Friday Mar 23, 2007

RAID-0 (stripe) on solaris 10 using solaris volume manager


Motivation for this how to is partially implementation and excellent idea by Nemanja Lukic that it's several time faster to delete whole zone by issuing newfs than to delete all zone files using rm, so that each zone on our testing machine should be on separate FS. And it's not just about deleting zones; speed is significant factor too, and also usage of other FS tools like ufsdump, ufsrestore, fssnap etc, which is possible only if your zones are on separate file systems. So we have 4 zones and 3 hard drives (we actually have 4 hard drives, but we can use only 3 for this purpose, since first drive is system drive). We could of course create 2 slices on one drive, and one slice per remaining 2 drives, but that would be so uncool :).
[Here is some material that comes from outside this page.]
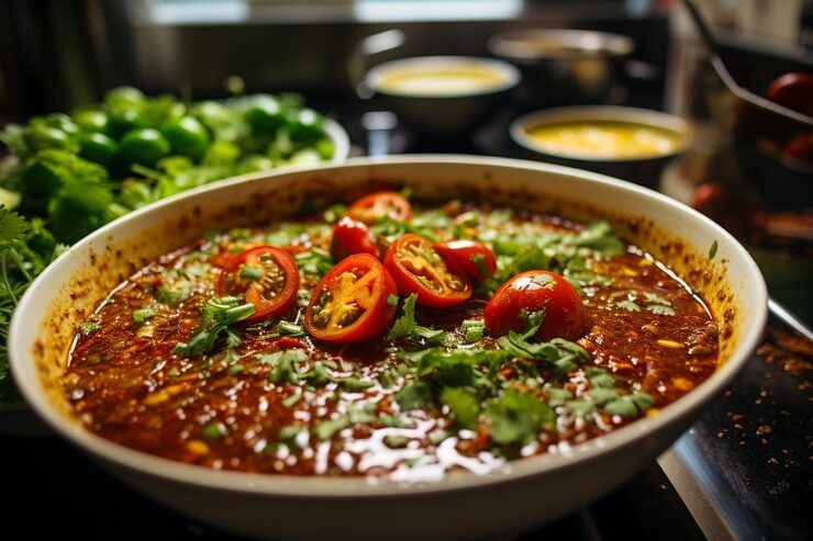 Boneless meat or chicken cooked in a strong Goan sauce based on a traditional South Indian recipe with burnt sugar, palm vinegar, cloves and warm spices. Very spicy. Served with basmati rice.

Cool stuff is to use Solaris volume manager, create RAID-0 (Stripe) metadevice/slice out of 3 hard drives, and then create 4 so called soft partitions within that metadevice. Using this approach way we can have exactly same size per soft partition, and all 3 hard drives will be used completely. Platform is brand new x4100, with 4 identical hard drives, 72 GB each; Operating System: Solaris 10 u3. Oh yes, if you are asking why I'm not using zfs, it's because software that is meant to be tested on zones is not supported (yet) on zfs :(.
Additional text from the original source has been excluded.